Aditya-L1: its functioning and purpose

. Aditya L1 mission to observe Sun, unravel mysteries of its dynamics, help understand climate variation on Earth. Solar activity measured in terms of sunspots, solar flares, CMEs, solar wind. Aditya L1 to observe Sun 24X7, measure space weather parameters, help predict geomagnetic storms, understand space weather dynamics.

Usually when we huddle near a fire, we feel warm and as we move away, that warmth is reduced. But surprisingly the sun and its atmosphere don’t follow this rule. Made up of a soup of positively charged protons, negatively charged electrons and other ions mixed with the solar magnetic field, extending somewhere between 10 and 20 solar radii from the surface of the Sun, the solar corona, the atmosphere of the Sun is an enigma. While the surface of the Sun is 5,600 degrees, the corona, interestingly, is about two million degrees. “We have some idea of why it is so, but the problem is not fully resolved,” says Dipankar Banerjee, Director of Aryabhatta Research Institute of Observational Sciences (ARIES). “Observations from Adtiya L1 will help us understand the dynamics of the Sun and how solar variability impacts the climate on Earth and affects the space weather,” he adds.

Discovered by mathematician Joseph Louis Lagrange, L1 is one of the five points located approximately 1.5 million kilometres away, where the gravitational forces of the Sun and the Earth are in equilibrium. Hence, a spacecraft placed at L1 orbits the Sun at the same rate as Earth and affords an uninterrupted view of the Sun, making it an ideal observation post for space-based solar observatories.

The L1 is currently home to the European Space Agency (ESA)- National Aeronautics and Space Administration (NASA) Solar and Heliospheric Observatory (SOHO) observing the Sun and its dynamics. Aditya L1 will join this observatory to unravel the mysteries of the dynamics of the Sun.

Launched on September 2, the craft will undergo five orbit-raising manoeuvres before being slingshot to the L1 point. The ship will coast for about four months before it reaches L1. At that stage, the thrusters will be fired to make the craft circle around the L1, placing it in what is known as a halo orbit around L1. From this vantage point, Aditya L1 can observe the Sun 24X7 using its four remote sensing payloads, and measure in-situ the various parameters of space weather.

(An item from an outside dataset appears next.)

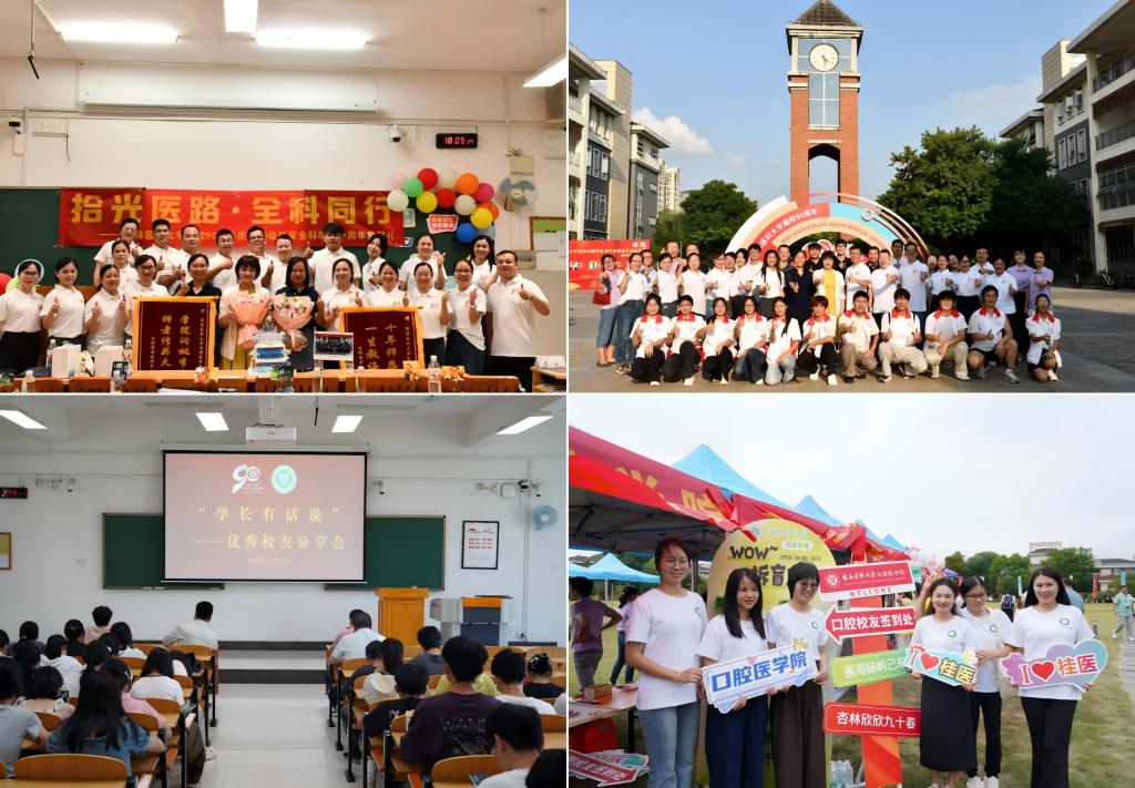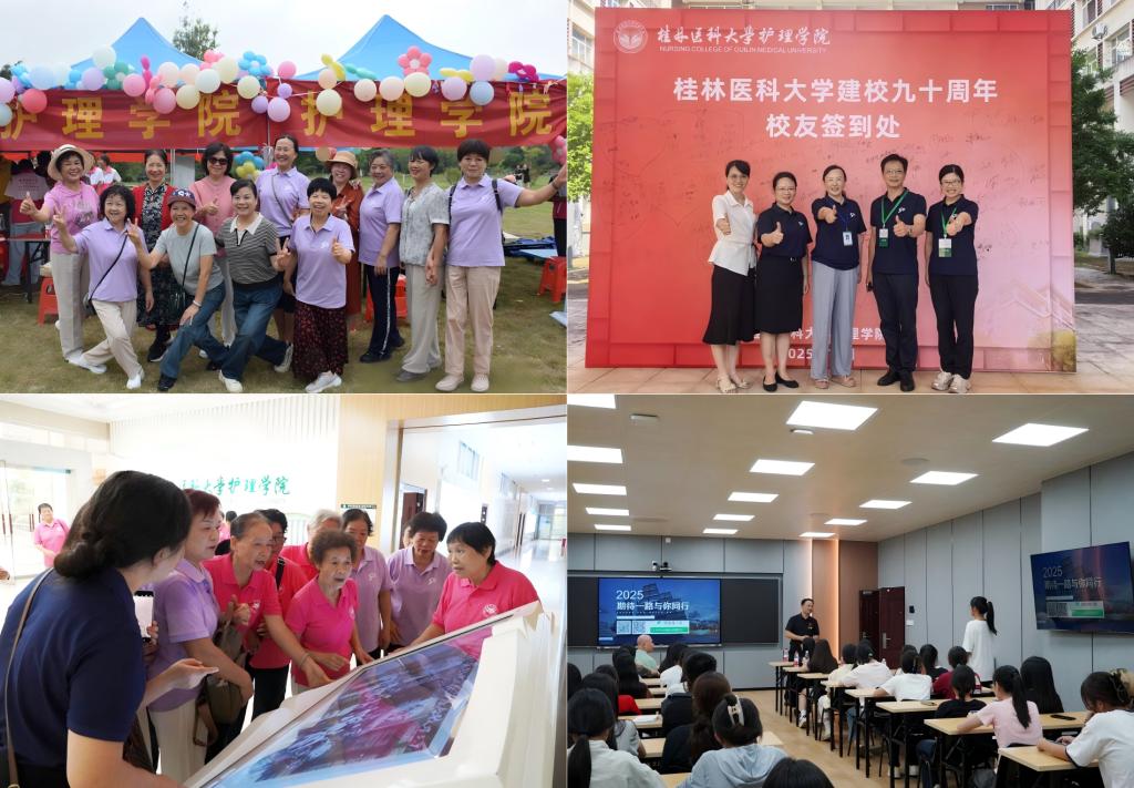 人工智能医学院策划了“章”显气质集章打卡活动,将学校的历史积淀与学院的专业创新深度融合,让“AI赋能文化”从课堂走向校园实践;基础医学院举办“探索奇妙世界”生命科学科普开放日活动,开展“九秩医路·翰墨寄情”主题祝福语征集并精心制作展示于学院门厅,表达师生对学校九十华诞最诚挚的礼赞;全科医学院召开“做人·做事·做学问”讲座和“九秩芳华传薪火,全科仁心筑未来”校友座谈会,共话医者初心与传承;第一临床医学院推出“校友回家”系列活动,包括师恩茶话会、时光信箱、重温上学路及参观漓东新院区,并以“时光回响·医路有歌”校友歌会唱响医路情怀;口腔医学院在签名合影和寄语环节的基础上,增设抽“盲盒”趣味活动,送出定制纪念品,营造欢乐氛围;公共卫生学院开展“知校爱校荣校知识大闯关”活动,通过趣味答题和互动挑战,增强校友归属感;护理学院组织校友探访文化展厅,举办“护梦九十年·校友说”故事分享会及学术报告,吸引千余人次参与;药学院举办“九秩芳华·药韵长存”校友返校日活动,设置签名墙,赠送纪念品,并承办校企合作论坛,汇聚医药企业与医疗机构共谋发展;检验与生物技术学院开展学术培训启智、校友分享赋能、暖心捐赠传情、校友重逢聚力等系列活动,通过学术培训拓宽学子视野,依托校友分享锚定成长方向,更获校友暖心反哺……一场场跨越山海的重聚,在欢声笑语中重温了青春,更在深入交流中厚植了情谊,将每一位校友的个体记忆熔铸为共同的桂医印记,深化了校友与母校的情感联结。

Like a heartbeat, solar activity is measured in terms of the number of sunspots. Sunspots are cooler regions on the Sun’s surface which increase and decrease in a cycle of 11 years. When the Sun is active, the number of sunspots is in the hundreds, and at solar minimum, the numbers are nearly zero. However, according to Anamparambu Ramaprakash, who is with the Pune-based Inter-University Centre for Astronomy and Astrophysics, “despite the variation in solar activity, the emission in visible and long wavelengths is nearly steady. Whatever changes we observe in the solar radiation, nearly 80% occur in the ultraviolet range,” he says. The Earth’s upper atmosphere absorbs most of the solar UV rays. “The absorbed energy affects the atmosphere’s composition, temperature and other parameters. It is imperative to know how far variation in the UV rays emitted by the Sun contributes to climate variability on Earth,” he adds.

The Solar Ultraviolet Imaging Telescope (SUIT) developed by the Inter-University Centre for Astronomy & Astrophysics, in close collaboration with the ISRO, the Center of Excellence in Space Sciences India, Mohanpur, the Manipal Academy of Higher Education etc, will observe the UV radiation from different zones of the solar atmosphere. The onboard intelligence system will detect any sudden appearance of bright spots, such as solar flares (a sudden burst of high energy visible light, UV rays, X rays and Gamma rays) on the disc. The automated system will trigger the rapid imaging of different layers, and thus, we will obtain a 3D tomographic view of the Sun. “With this system in place, the event’s progression through the layers of the solar atmosphere can be imaged,” says Mr. Ramaprakash. Combining the data from the Solar Low Energy X-ray Spectrometer (SoLEXS) and the High Energy L1 Orbiting X-ray Spectrometer (HEL1OS) developed by the ISRO’s Bengaluru based U. R. Rao Satellite Centre with SUIT, “ can [help us] gain insights into the emergence, progression and energetics of transient events on the surface of the Sun in the UV region”.

Observing the Sun using the SUIT will enable us to better understand climate variation on Earth. “Earth’s climate has definitely changed. Global warming is real. The data from SUIT and other papers of Aditya L1 will help us resolve the contribution of natural and anthropogenic factors driving climate change,” says Mr. Ramprakash.